Simply put, normal children of divorced or separated parents want their parents:
- not to make custody a turf war.
- Honor your children’s right to a strong loving and trusting, relationship with each of their parents. Divorce or separation does not initiate a popularity contest and zero-sum game between parents for the affection and loyalty of their children. Don’t make or try to make your kids feel guilty for looking forward to and enjoying the time they get to spend with the other parent.
- if they can, to live close enough to each other that the children can go to and from school easily, play with the same friends, and get to and enjoy their activities regardless of which parent they may be living with at the time. Children hate it when their parents live so far away that they can’t make friends in both neighborhoods or when they end up missing out on an activity or being able to play in a game (because they are in that neighborhood every other week or every few days).
- to provide consistency in following the schedule, so that they know they are important enough to you that you keep your “appointments” with them each week, so that they know on a regular basis where they are going to be.
- don’t enforce 50–50 custody so rigidly as to drown the benefits of 50–50 custody in the demands of “perfect” 50–50 custody at all times. Both parents need to be flexible and subordinate “my time with the kids” to what the kids need from the schedule.
- (even though the children will claim otherwise) to observe certain basic rules, expectations, and routines across both parents’ households, so that the children receive the benefit of consistency and are not burdened with having to switch into “Dad’s house mode” and then “Mom’s house mode” at every custody exchange.
- to provide them with a place they feel “at home” in. This doesn’t mean that kids are catered to like royalty (spoiled kids are ruined kids), but they can’t be treated as an afterthought. Make sure you prepare their meals. If you can afford it, get a residence with their own rooms (not a sleeping bag rolled out on the living room floor). Have at both parents’ respective homes, the things they need, so that they aren’t having to lug their clothing and toiletries and other things back and forth between homes.
- essentially to “speak well of the other parent or don’t speak of them at all.” It’s draining for children to have to listen to a parent bad-mouthing the other parent all the time. Treating one’s children as a captive audience who must listen to the disparaging rants is a masturbatory level of self-absorption. Children know—whether expressly or implicitly—that a little of you and the other parent are both a part of them; if you tell your children that Mom or Dad is evil or worthless, you’re telling the kids that a part of them is evil and worthless too.

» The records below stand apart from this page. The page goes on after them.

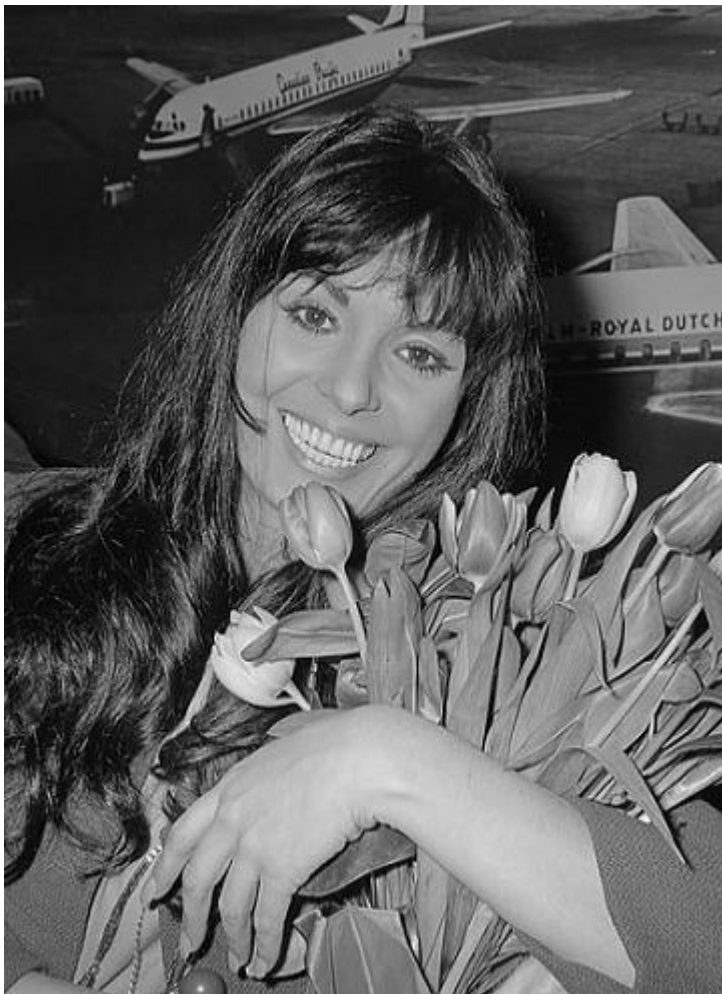
Далия Лави в 1966 году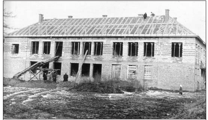
Historický záber z výstavby budovy Základnej školy vo Vlachove.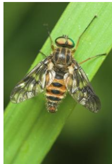
Slika 8. Atherix ibis (odrasla jedinka)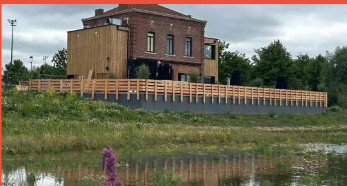
VILLE RENOUVÉE – Parc marais fréquenté (livraison hors espaces verts août 2025)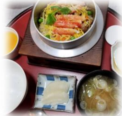
全品制覇を目指してます 奈井江町「ままや」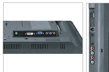
Universalne połączenia: VGA, DVI, HDMI, Kompzytowe, Komponentowe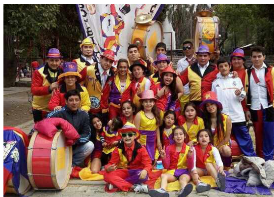
Murga Los TocaFondo | Parque Avellaneda

PROCESO, SINO SER ACTORES PARTICIPES DEL MISMO, EN BUSCA DE LA TRANSFORMACIÓN SOCIAL QUE TANTO ANHELAMOS PARA NUESTROS NIÑOS Y JÓVENES Y POR SUPUESTO, NUESTRO QUERIDO BARRIO, ES POR ESTO QUE EN ESTE 2017 CUMPLIMOS 11 AÑOS DE CARNAVAL Y DE TRABAJO SOCIO CULTURAL ININTERRUMPIDO. NUNCA ABANDONAREMOS LA CONVICCIÓN QUE SIEMPRE TUVI- MOS, DE QUE SOLO EN LAS BASES POPULARES, Y CON ELLAS, REALIZAREMOS ALGO SERIO, AUTENTICO Y TRANS- FORMADOR.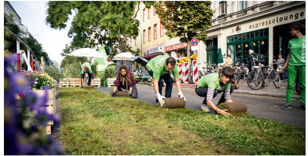
Greenpeace-Aktivist*innen verwandeln 2016 eine Hamburger Straße zum Naherholungsgebiet.

Deshalb fordert Greenpeace: Das Gemeinwohl muss ins Zentrum des Wirtschaftens gestellt werden!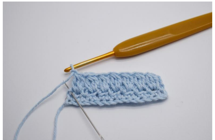
10. Upprepa med stolpgrupper i alla lm-hålen på föregående varv, varvet ut. I vändmaskan virkas 1 hst.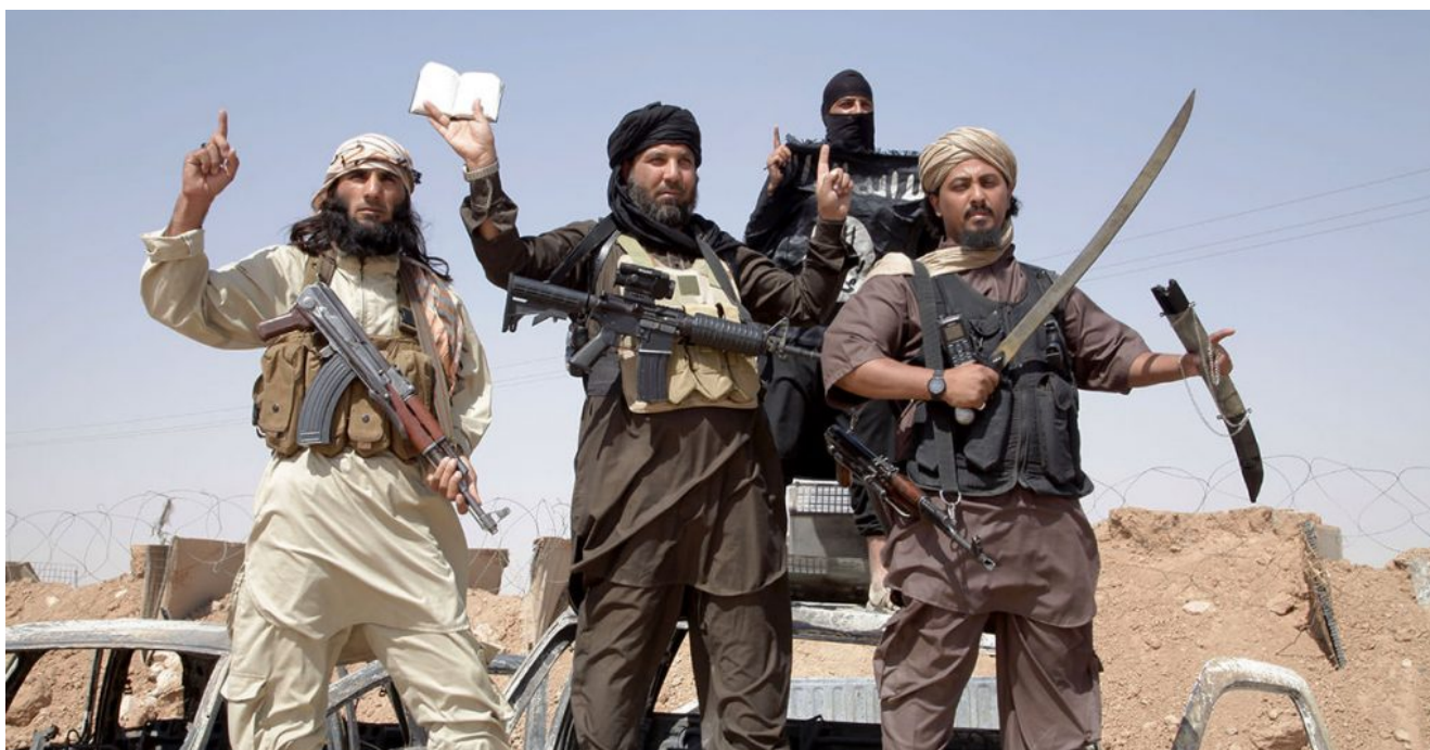
Islamic state fighters removing the border between Syria and Iraq

Призадумаемся, какая личность и какое поведение порождаются двумя этими силами, если они обе находятся в одном человеке. У евреев есть с одной стороны система духовных ценностей, с другой стороны заповеди, конкретная инструкция по формированию личности в соответствии с этими ценностями. У мусульман вторые отсутствуют. У них нет системы заповедей, которая ограничивает естественные силы человека и направляет их в правильное русло. Их вера не только не обуздывает их страсти, она ещё и подталкивает их поступать как им вздумается и считать, что в этом и состоит воля Б-га. Т.е. их вера в Б – га – это всего лишь инструмент, с помощью которого они могут воплотить в реальность свою дикость.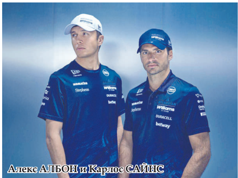
Алекс АЛБОН и Карлос САЙНС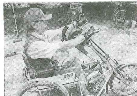
これがハンドサイクル自転車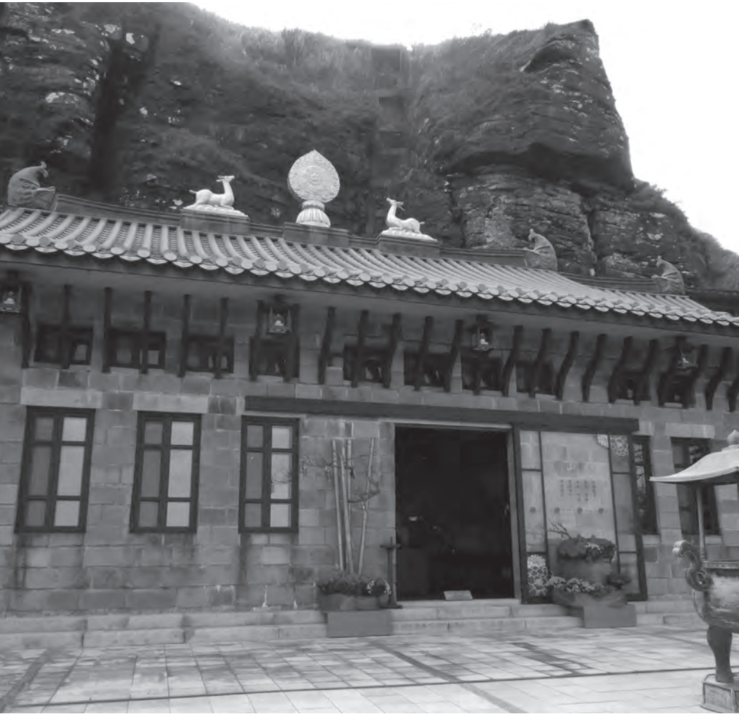
開山聖殿背倚麒麟岩，坐山面海

度逐次內縮，直至第九層，方見塔頂平臺，平台上蓮花瓣圍繞的圓輪，上加覆鉢體，再上為相輪、塔剎。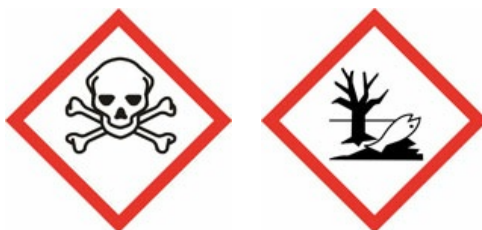
CYANURE DE SODIUM

- That stated, this does not mean you must speak well of a bad parent to your children, especially when doing so would be lying to them or misleading them to believe they are safe in the care and custody of a bad (i.e., dangerous or irresponsible) parent. Still, that’s not an invitation to lambaste the bad parent to your heart’s content. If Mom/Dad abused you or the children, or is an alcoholic or drug abuser/addict, a petty crook, etc., you can tell your kids that if and when they ask. It’s not wrong to share the truth with your kids when time and circumstances are appropriate. Indeed, providing them with information they need to understand and deal with a parent safely and successfully is your obligation to your children. Telling children to love and get along with a parent who is himself/herself cantankerous and apathetic, neglectful, or cruel creates a cognitive dissonance that does a child more (and lasting) harm than good.